* WHAT THIS TASK INVOLVES:
Using the material below, repeat exactly the lines from the one with "- The Global" through the one with "Off-the-Shoulder Swag Ruched", ends included, without any images.
┌─ DATASET
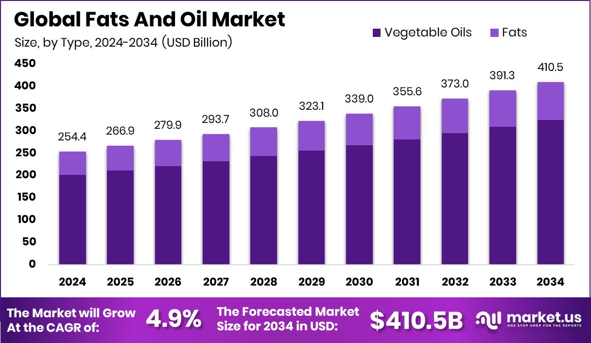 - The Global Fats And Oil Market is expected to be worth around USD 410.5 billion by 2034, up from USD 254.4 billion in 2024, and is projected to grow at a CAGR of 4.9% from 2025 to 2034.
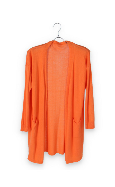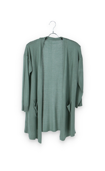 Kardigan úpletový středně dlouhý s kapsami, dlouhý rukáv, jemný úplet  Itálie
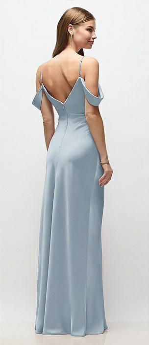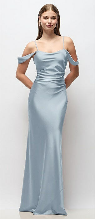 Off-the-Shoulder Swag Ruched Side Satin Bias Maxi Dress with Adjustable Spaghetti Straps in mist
└─
┌─ DATASET
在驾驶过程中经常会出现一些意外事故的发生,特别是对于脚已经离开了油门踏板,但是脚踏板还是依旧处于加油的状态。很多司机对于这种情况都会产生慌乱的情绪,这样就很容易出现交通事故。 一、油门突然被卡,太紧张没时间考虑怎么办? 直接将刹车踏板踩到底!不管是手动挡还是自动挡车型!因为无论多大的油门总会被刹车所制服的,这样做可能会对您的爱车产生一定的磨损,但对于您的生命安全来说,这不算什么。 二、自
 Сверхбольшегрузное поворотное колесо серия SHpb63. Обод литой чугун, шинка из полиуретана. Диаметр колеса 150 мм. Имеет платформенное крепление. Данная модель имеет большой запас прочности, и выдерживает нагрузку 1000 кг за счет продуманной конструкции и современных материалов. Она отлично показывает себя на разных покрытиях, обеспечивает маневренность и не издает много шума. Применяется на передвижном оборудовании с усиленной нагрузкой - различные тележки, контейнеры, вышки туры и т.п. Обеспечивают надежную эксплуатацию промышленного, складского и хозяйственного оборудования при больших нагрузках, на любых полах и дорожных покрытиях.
└─
* RESPONSE TO THE TASK:
 - The Global Fats And Oil Market is expected to be worth around USD 410.5 billion by 2034, up from USD 254.4 billion in 2024, and is projected to grow at a CAGR of 4.9% from 2025 to 2034.
 Kardigan úpletový středně dlouhý s kapsami, dlouhý rukáv, jemný úplet  Itálie
 Off-the-Shoulder Swag Ruched Side Satin Bias Maxi Dress with Adjustable Spaghetti Straps in mist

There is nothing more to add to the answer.